Items from a data source:

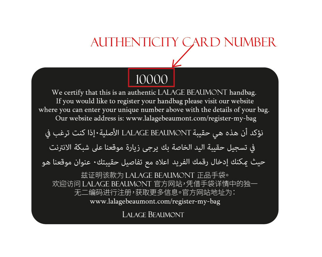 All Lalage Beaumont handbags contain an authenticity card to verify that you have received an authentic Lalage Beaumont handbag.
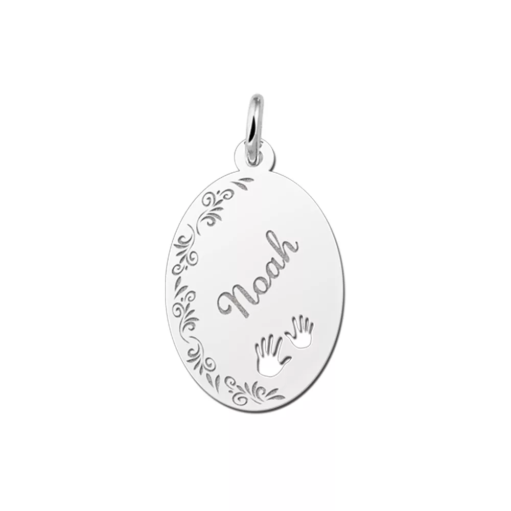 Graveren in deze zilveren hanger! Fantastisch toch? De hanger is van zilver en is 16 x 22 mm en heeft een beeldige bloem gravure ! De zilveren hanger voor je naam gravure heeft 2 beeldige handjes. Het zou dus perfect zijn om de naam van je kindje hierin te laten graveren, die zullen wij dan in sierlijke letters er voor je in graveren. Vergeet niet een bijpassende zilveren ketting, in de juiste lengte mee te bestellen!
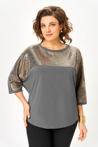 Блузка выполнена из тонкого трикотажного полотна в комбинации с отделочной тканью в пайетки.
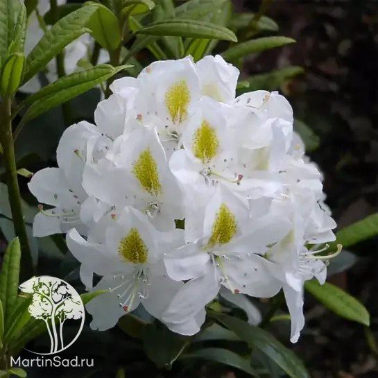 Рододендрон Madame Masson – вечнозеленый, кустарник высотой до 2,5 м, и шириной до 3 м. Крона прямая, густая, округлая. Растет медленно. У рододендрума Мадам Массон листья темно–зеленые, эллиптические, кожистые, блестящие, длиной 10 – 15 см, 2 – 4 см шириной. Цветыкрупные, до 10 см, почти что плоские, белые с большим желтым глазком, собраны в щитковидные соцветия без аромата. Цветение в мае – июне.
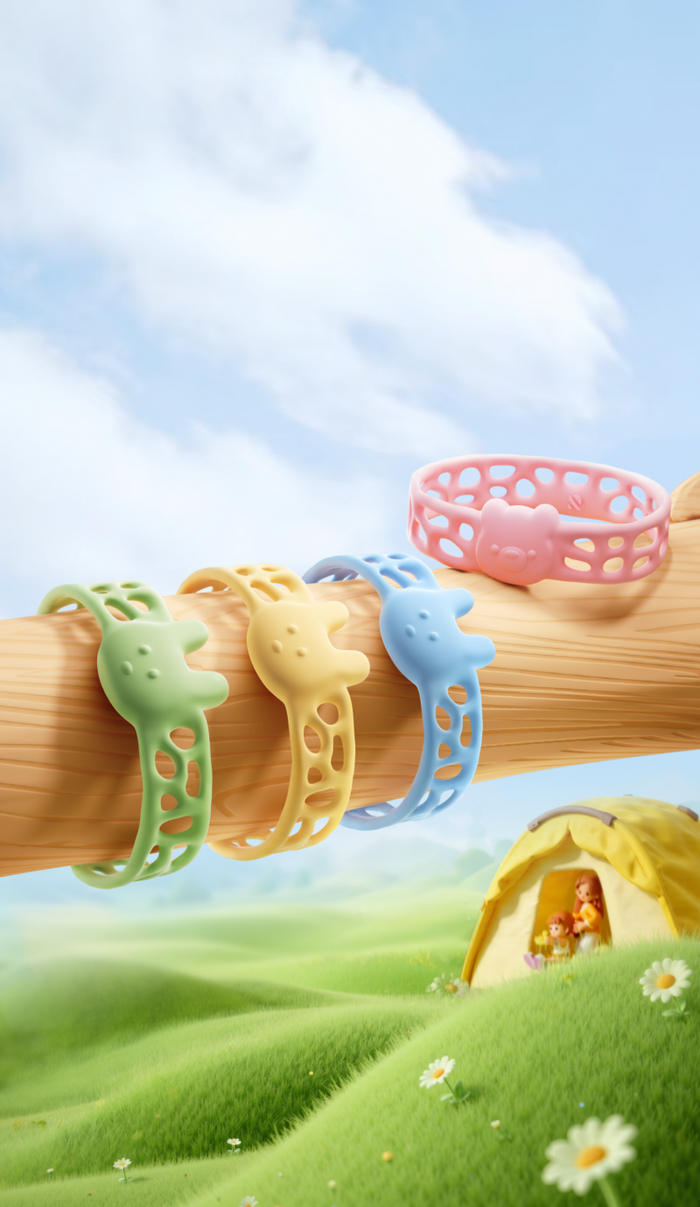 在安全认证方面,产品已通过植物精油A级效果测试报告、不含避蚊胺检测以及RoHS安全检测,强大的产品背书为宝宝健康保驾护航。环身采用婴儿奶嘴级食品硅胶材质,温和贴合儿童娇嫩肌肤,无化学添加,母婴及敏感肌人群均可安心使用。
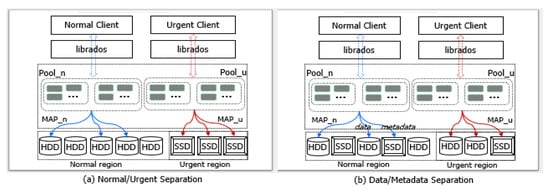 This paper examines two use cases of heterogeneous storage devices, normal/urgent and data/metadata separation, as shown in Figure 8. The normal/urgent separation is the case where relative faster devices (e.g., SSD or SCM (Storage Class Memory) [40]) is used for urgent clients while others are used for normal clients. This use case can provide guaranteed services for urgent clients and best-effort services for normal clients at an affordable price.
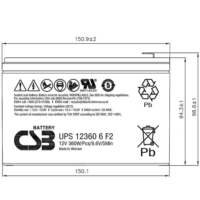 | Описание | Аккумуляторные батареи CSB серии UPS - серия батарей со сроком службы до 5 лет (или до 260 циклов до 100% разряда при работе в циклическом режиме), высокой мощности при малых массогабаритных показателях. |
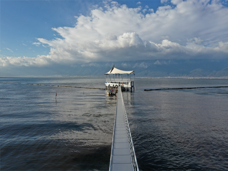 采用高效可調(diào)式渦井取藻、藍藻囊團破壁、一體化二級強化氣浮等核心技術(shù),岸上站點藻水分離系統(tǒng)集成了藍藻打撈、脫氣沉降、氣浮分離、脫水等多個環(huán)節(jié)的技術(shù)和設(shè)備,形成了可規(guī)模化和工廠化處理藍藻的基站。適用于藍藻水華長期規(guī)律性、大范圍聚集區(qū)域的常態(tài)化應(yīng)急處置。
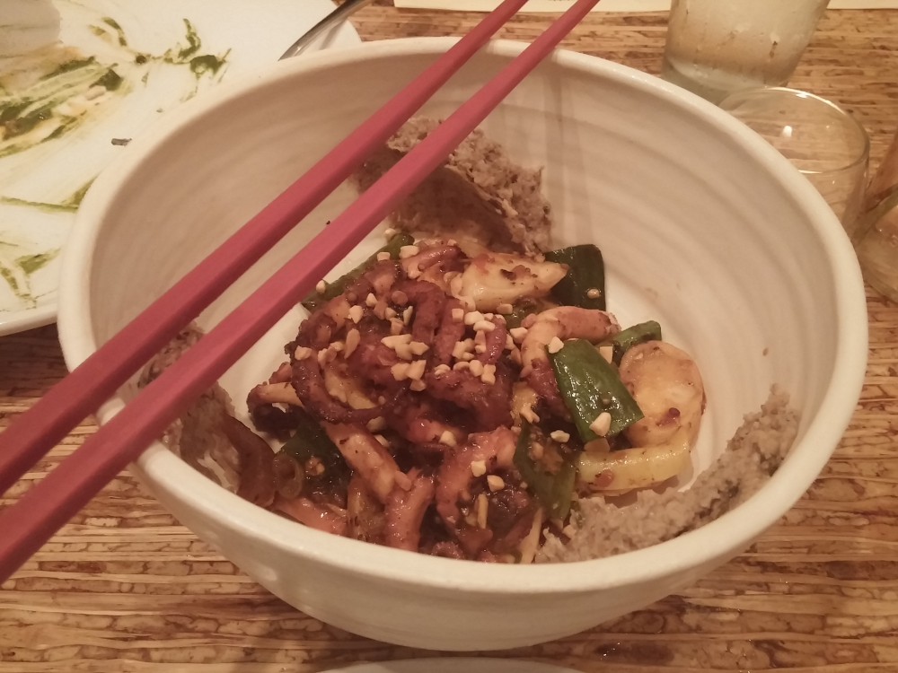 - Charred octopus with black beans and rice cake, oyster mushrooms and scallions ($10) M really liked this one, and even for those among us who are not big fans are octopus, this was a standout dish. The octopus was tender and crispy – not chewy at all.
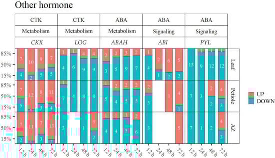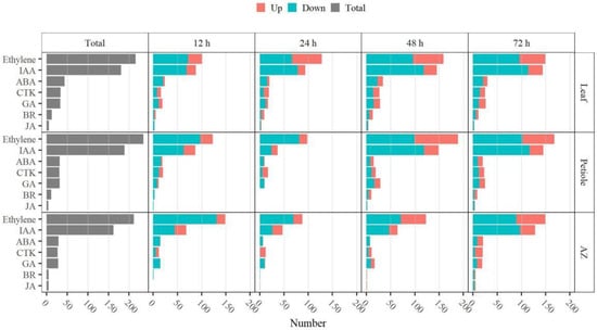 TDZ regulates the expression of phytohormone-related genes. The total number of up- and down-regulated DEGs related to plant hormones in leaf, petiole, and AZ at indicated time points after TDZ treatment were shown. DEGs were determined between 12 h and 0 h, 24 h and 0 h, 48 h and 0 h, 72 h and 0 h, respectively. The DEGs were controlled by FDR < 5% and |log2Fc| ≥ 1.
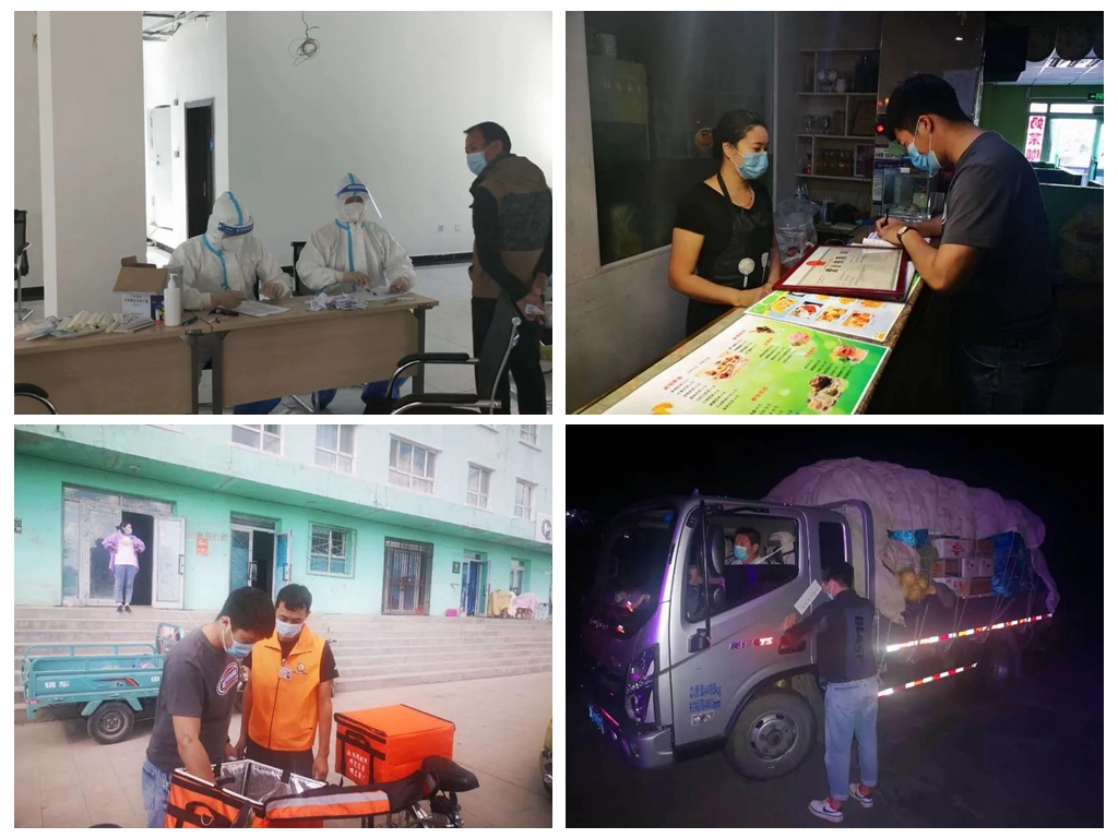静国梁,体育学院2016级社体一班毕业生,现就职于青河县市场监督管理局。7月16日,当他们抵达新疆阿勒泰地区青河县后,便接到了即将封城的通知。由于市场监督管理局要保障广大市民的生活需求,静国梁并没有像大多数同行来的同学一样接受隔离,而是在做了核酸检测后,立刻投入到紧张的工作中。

**Required work:**
The answer must consist only of the lines from the beginning of the entries above through the line that holds "массогабаритных показателях. |", reproduced exactly and without pictures.

**Answer:**
 All Lalage Beaumont handbags contain an authenticity card to verify that you have received an authentic Lalage Beaumont handbag.
 Graveren in deze zilveren hanger! Fantastisch toch? De hanger is van zilver en is 16 x 22 mm en heeft een beeldige bloem gravure ! De zilveren hanger voor je naam gravure heeft 2 beeldige handjes. Het zou dus perfect zijn om de naam van je kindje hierin te laten graveren, die zullen wij dan in sierlijke letters er voor je in graveren. Vergeet niet een bijpassende zilveren ketting, in de juiste lengte mee te bestellen!
 Блузка выполнена из тонкого трикотажного полотна в комбинации с отделочной тканью в пайетки.
 Рододендрон Madame Masson – вечнозеленый, кустарник высотой до 2,5 м, и шириной до 3 м. Крона прямая, густая, округлая. Растет медленно. У рододендрума Мадам Массон листья темно–зеленые, эллиптические, кожистые, блестящие, длиной 10 – 15 см, 2 – 4 см шириной. Цветыкрупные, до 10 см, почти что плоские, белые с большим желтым глазком, собраны в щитковидные соцветия без аромата. Цветение в мае – июне.
 在安全认证方面,产品已通过植物精油A级效果测试报告、不含避蚊胺检测以及RoHS安全检测,强大的产品背书为宝宝健康保驾护航。环身采用婴儿奶嘴级食品硅胶材质,温和贴合儿童娇嫩肌肤,无化学添加,母婴及敏感肌人群均可安心使用。
 This paper examines two use cases of heterogeneous storage devices, normal/urgent and data/metadata separation, as shown in Figure 8. The normal/urgent separation is the case where relative faster devices (e.g., SSD or SCM (Storage Class Memory) [40]) is used for urgent clients while others are used for normal clients. This use case can provide guaranteed services for urgent clients and best-effort services for normal clients at an affordable price.
 | Описание | Аккумуляторные батареи CSB серии UPS - серия батарей со сроком службы до 5 лет (или до 260 циклов до 100% разряда при работе в циклическом режиме), высокой мощности при малых массогабаритных показателях. |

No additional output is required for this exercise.